Out of surgery and doing well! Deo Gratias!

Dad indeed did have a complete hip replacement today and they also set his wrist which was cleanly broken. So, generally speaking that is good news and what is standard procedure in these cases (Thanks to my good friend Dr. Beth Rooney, who is a physical therapist and who gave me the crash course in what happens when someone breaks a hip).

Prayer was rich today, as I took the morning to settle in and pray deeply. I continued prayer as I shoveled snow this morning (my walk and the sidewalk). I felt like a kid thinking about my childhood with my father. Snowy days of pushing cars out of the muck and winter camping in lean-twos (three sided houses—brrrr).

But mostly I thought of his great and generous spirit. My dad, now retired, was a school custodial worker for 30 years. He was a beloved person in his school (when he retired they threw him quite a party) and was always generous to both the children, teachers and staff–but more importantly the neighborhood. The firehouse down the street made him an honorary firefighter because of the strong friendships that he developed with the guys and because he’d take the snowblower and extra block so they awoke to a clean driveway for the rigs. “Those guys deserve it,” he’d say. “They run into burning buildings and it doesn’t matter who’s inside. The least we can do is let them rest and take care of their driveway.”

He’s given a lot to me and our family and today especially, I am overwhelmed by gratitude.

One of the holiest men I know, Fr. Tom Ryan, CSP, recently reported to me that this was the first Christmas that he spent without his mother and father, both of them passing on recently. He spent this Christmas with his siblings and their children and he noticed his parent’s influence everywhere. Then he said something simply wonderfully filled with grace:

“I was filled with such gratitude for them, so thankful that they took the time to start this family.”

A touching thought of thankfulness, given to those now gone before him, but trickling down to those of us who still have our parents, now in their old age or even those who are still young. Fr. Tom got to know his siblings better over the break and their children too and grace abounds. How often do any of us pause and just take a brief moment for gratitude for the genesis of our family trees?

Older people look back with a much gentler gratitude, I think. My wife’s family holds a family Christmas party each year, a command performance, to be sure. Her grandparents were fixtures and one of my favorite moments was when Marion’s grandmother looked into the eyes of her husband, then 96 years old and not able to see or hear well. She said a simple excited phrase: “Louie, look what we did!
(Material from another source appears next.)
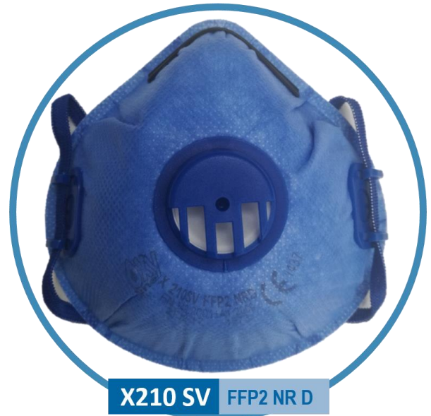
X210 SV FFP2 NR D

Die filtrierende Halbmaske besteht hauptsächlich aus einem Gesichtsteil aus einem filtrierenden Material und, je nach Halbmaskenmodell, aus Hilfszubehör wie Kopfbändern, Ausatemventil oder Bandhaltern. Die aus der Umgebung eingeatmete Luft durchströmt das filtrierende Material, wo sie gereinigt wird. Die ausgeatmete Luft wird durch das Material des Gesichtsteils (bei Halbmasken ohne Ausatemventil) oder durch das Ausatemventil, das in der Schale platziert ist und das Gesichtsteil der Halbmaske (bei Halbmasken mit Ausatemventil) nach außen abgeführt. Die Schale der Halbmaske sollte während der Benutzung eng am Gesicht anhaften.

There’s about 80 people here!”

Today, let us take a moment to be grateful for life. Ours and our families and friends. I’m grateful too, for my colleagues here who have kept me sane today. Even for those of us who don’t always have great relationships with our families, can gratitude sneak in perhaps in smaller ways–for birth, for safety, for attempts at forgiveness?

Breathe in deeply and fill your lungs with the air that gives us life, the spirit that propels us into the action of grace, where we live not merely for ourselves but for others. That spirit belongs to my dad and I pray he’s given a bit of that to me. May that someone who has enabled grace to take root in you, be in your memory and prayers today. Amen.